900 Watt Solar with 3,000 Watt Inverter

 

This customer’s existing set up included a single 200 watt solar panel with a single 12 volt AGM battery to run an entire 36 foot fifth wheel trailer. There was a cheap solar charge controller that came with the trailer that was non-programmable. They did have an on-board generator, but didn’t want to run it just to make coffee or watch television.

The Problem With Their Old Setup

For a 36 foot fifth wheel trailer, a single 12 volt AGM battery was highly insufficient. The customer wanted enough battery power to watch TV, run cooking appliances, run fans, lights, water pump, to last throughout a weekend of camping. The single 200 watt solar panel is only enough to keep the battery charged while in storage.

My Solution

I had the customer purchase two 100 amp hour lithium batteries direct from BattleBorn. I installed two 350 watt, residential grade, solar panels, and wired them into a Victron MPPT 100/50 solar charge controller. I left the existing 200 watt solar panel, upgraded the charge controller to a Victron 75/15 MPPT. I then programmed the two controllers to work together to give the customer a total of 900 watts of solar, all going into their new BattleBorn lithium batteries.

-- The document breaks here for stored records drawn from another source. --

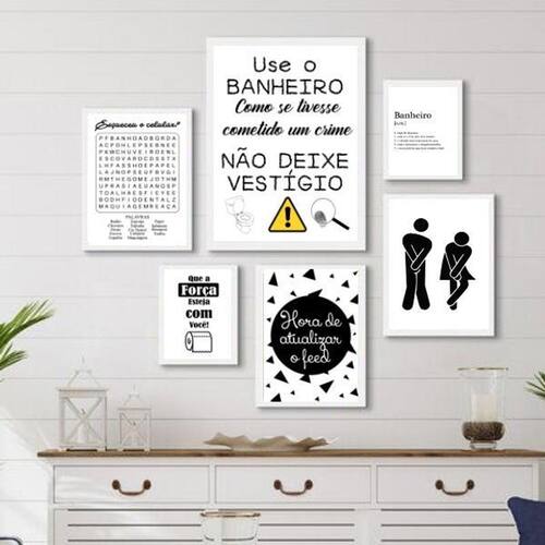 Kit composição 6 quadros divertidos banheiro Moldura: madeira preta Informações do produto tire todas as suas dúvidas no descritivo abaixo: decoração para quarto, sala, cozinha, escritório, área gourmet e muito mais. Chega de paredes vazias medidas - kit composto por 6 quadros, sendo 2 quadros com medida 18x24cm, 3 quadros com 24x33cm e 1 quadro com medida 33x45cm. Material do papel - papel fotográfico brilhante de altíssima resolução acabamento - todos os quadros são acompanhados de uma película de acetato para proteção da imagem. - os quadros são embalados de forma segura com plástico bolha com camada dupla de acordo com o tamanho dos quadros. - de 3 meses. Meu quadro chegou. Como posso fixá-lo Você precisa apenas de um martelo e um prego, pois os quadros já vão acompanhados de penduradores. Esta é a forma mais indicada. Caso prefira, você pode utilizar uma fita dupla face neste caso, sugerimos de alta qualidade para evitar que descole e seu quadro caia . Como posso limpar meu quadro A limpeza é feita como um móvel comum da sua casa. Apenas um pano seco ou espanador são suficientes para tal Ean: 7893765462618
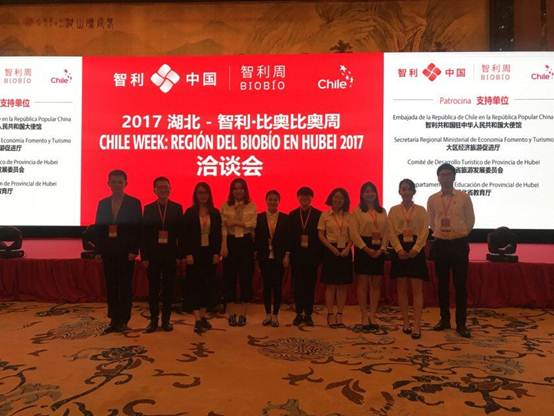 2017年9月7日-9日,第三届“智利周”在武汉举行,“智利周”是由智利政府组织的推广智利国家形象、展示其商品及服务出口实力的全球性活动,2017湖北-智利比奥比奥周系列活动参会单位为国内外知名企业,如中国长江航运集团,武汉中博酒业股份有限公司,中商平价连锁有限公司,赖凯雷特进出口食品有限公司等中方企业代表以及CIPACHILE, Agricola El Manzanar de Picoltue Ltda.,Blue Ocean SPA, Austral Garden of Seaweed S.A.等。根据湖北省外事办安排,湖北大学麻花豆传剧剧mv入口口译队10名志愿者承担了本次“智利周”的大会服务接待工作,为中智企业代表提供口译服务。
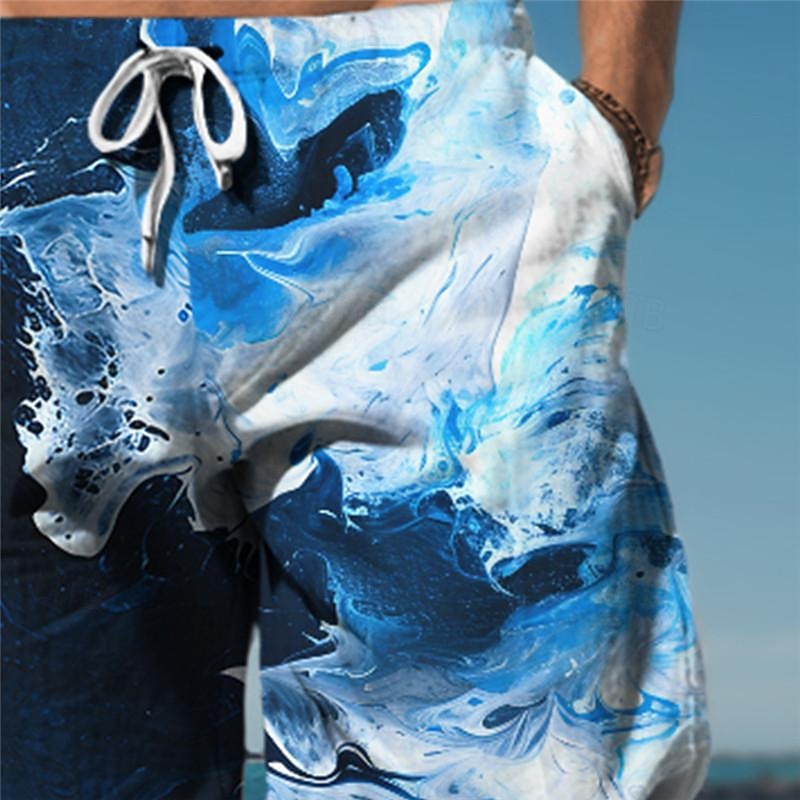 Waves Men's Resort 3D Printed Casual Pants Trousers Elastic Waist Drawstring Loose Fit Straight-Leg Summer Beach Pants S TO 3XL 3

I left their existing AGM battery in place and wired it up as a start battery for their on-board generator. I added a Cyrix battery combiner to it so that it could get charged by solar.

In addition, I added a manual main-disconnect that allowed the customer to disconnect the battery system, mostly when the trailer is in storage.

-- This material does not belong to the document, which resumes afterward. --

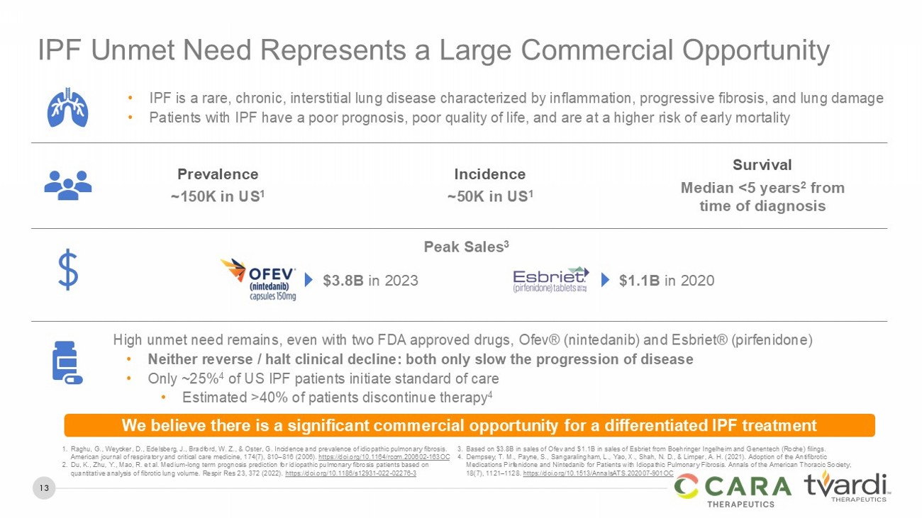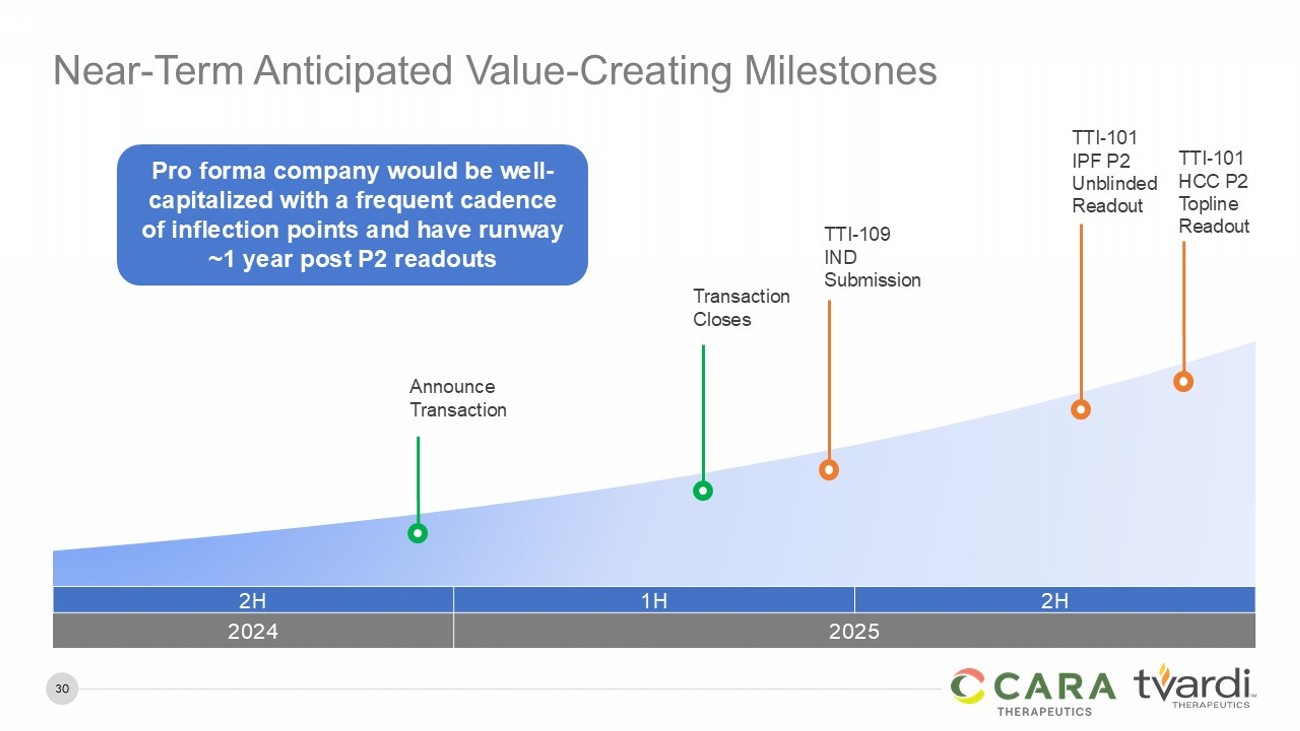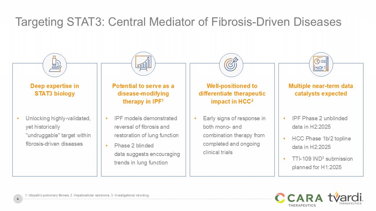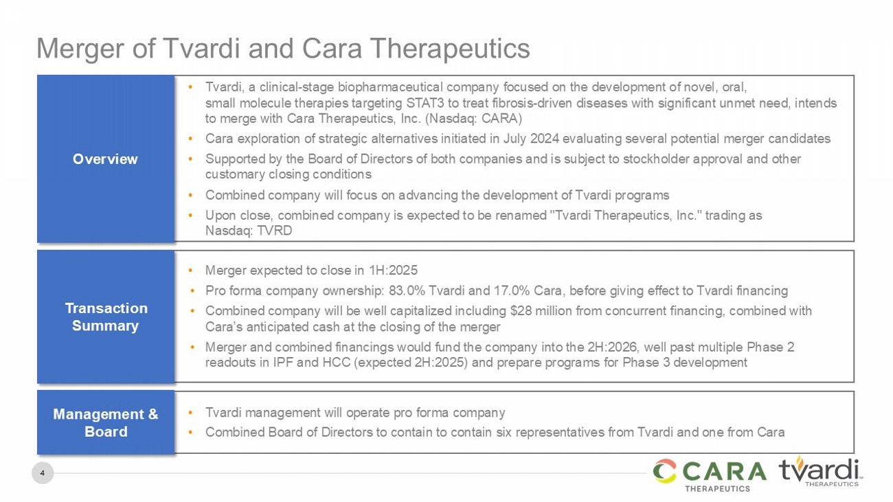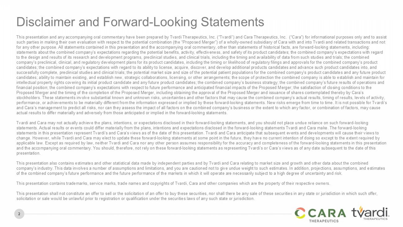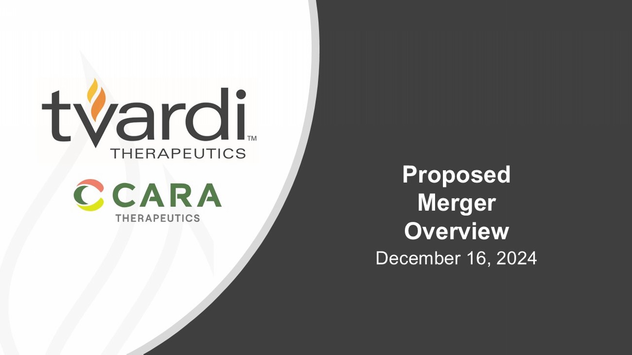 2 Disclaimer and Forward - Looking Statements This presentation and any accompanying oral commentary have been prepared by Tvardi Therapeutics, Inc. (“Tvardi”) and Cara Th era peutics, Inc. (“Cara”) for informational purposes only and to assist such parties in making their own evaluation with respect to the potential combination (the “Proposed Merger”) of a wholly - owned subsidiary of Cara with and into Tvardi and related transactions and not for any other purpose. All statements contained in this presentation and the accompanying oral commentary, other than stateme nts of historical facts, are forward - looking statements, including: statements about the combined company’s expectations regarding the potential benefits, activity, effectiveness, and safety of it s product candidates; the combined company’s expectations with regard to the design and results of its research and development programs, preclinical studies, and clinical trials, including the t imi ng and availability of data from such studies and trials; the combined company’s preclinical, clinical, and regulatory development plans for its product candidates, including the timing or likelihood of regulatory filings and approvals for the combined company’s product candidates; the combined company’s expectations with regard to its ability to license, acquire, discover, and develop additio nal products candidates and advance such product candidates into, and successfully complete, preclinical studies and clinical trials; the potential market size and size of the potential patient p opu lations for the combined company’s product candidates and any future product candidates; ability to maintain existing, and establish new, strategic collaborations, licensing, or other arrangements; the sco pe of protection the combined company is able to establish and maintain for intellectual property rights covering its initial product candidate and any future product candidates; the combined company’s bu siness strategy; the combined company’s future results of operations and financial position; the combined company’s expectations with respect to future performance and anticipated financial impacts of the Proposed Merger; the satisfaction of closing conditions to the Proposed Merger and the timing of the completion of the Proposed Merger, including obtaining the approval of the Proposed Mer ger and issuance of shares contemplated thereby by Cara’s stockholders. These statements involve substantial known and unknown risks, uncertainties and other factors that may cause th e c ombined company’s actual results, timing of results, levels of activity, performance, or achievements to be materially different from the information expressed or implied by these forward - looking state ments. New risks emerge from time to time. It is not possible for Tvardi’s and Cara’s management to predict all risks, nor can they assess the impact of all factors on the combined company’s business or the extent to which any factor, or combination of factors, may cause actual results to differ materially and adversely from those anticipated or implied in the forward - looking statements. Tvardi and Cara may not actually achieve the plans, intentions, or expectations disclosed in their forward - looking statements, a nd you should not place undue reliance on such forward - looking statements. Actual results or events could differ materially from the plans, intentions and expectations disclosed in the for war d - looking statements Tvardi and Cara make. The forward - looking statements in this presentation represent Tvardi’s and Cara’s views as of the date of this presentation. Tvardi and Cara anti cip ate that subsequent events and developments will cause their views to change. However, while Tvardi and Cara may elect to update these forward - looking statements at some point in the future, they ha ve no current intention of doing so except to the extent required by applicable law. Except as required by law, neither Tvardi and Cara nor any other person assumes responsibility for the accura cy and completeness of the forward - looking statements in this presentation and the accompanying oral commentary. You should, therefore, not rely on these forward - looking statements as representing Tvardi ’s or Cara’s views as of any date subsequent to the date of this presentation. This presentation also contains estimates and other statistical data made by independent parties and by Tvardi and Cara relat ing to market size and growth and other data about the combined company’s industry. This data involves a number of assumptions and limitations, and you are cautioned not to give undue weigh t t o such estimates. In addition, projections, assumptions, and estimates of the combined company’s future performance and the future performance of the markets in which it will operate are necessari ly subject to a high degree of uncertainty and risk. This presentation contains trademarks, service marks, trade names and copyrights of Tvardi, Cara and other companies which ar e t he property of their respective owners. This presentation shall not constitute an offer to sell or the solicitation of an offer to buy these securities, nor shall th ere be any sale of these securities in any state or jurisdiction in which such offer, solicitation or sale would be unlawful prior to registration or qualification under the securities laws of any such state or jur isdiction.

I installed a Victron Mutiplus 3,000 watt hybrid-inverter to run one-leg of the trailer. This allows use of microwave, AC and wall outlets for both TVs, bathroom, kitchen and exterior from battery power. This set up has the capacity to run their air conditioning off of battery for up 90 minutes.This system as programmed will just work.

Technical Information

There is redundancy for temp and voltage for the Lithium battery. If the battery is ever depleted, the inverter disconnects @ 11v, the 12v side of coach disconnects at 10.5v,  BattleBorn BMS disconnects at 10v. The dedicated start battery disconnects at 12.6v leaving it fully charged to start the generator. The Converter can put 40A into battery and is retired but operational. The charger section of the inverter can put 120A into the battery from generator/shore power.

When plugged into shore power both legs of the trailer get 50A each. When the generator runs each leg still gets ~23A and the inverter can use solar and battery to add 25A to its leg in the RV. When the trailer is without power, the inverter can supply surges up to 50A to the one leg of the trailer.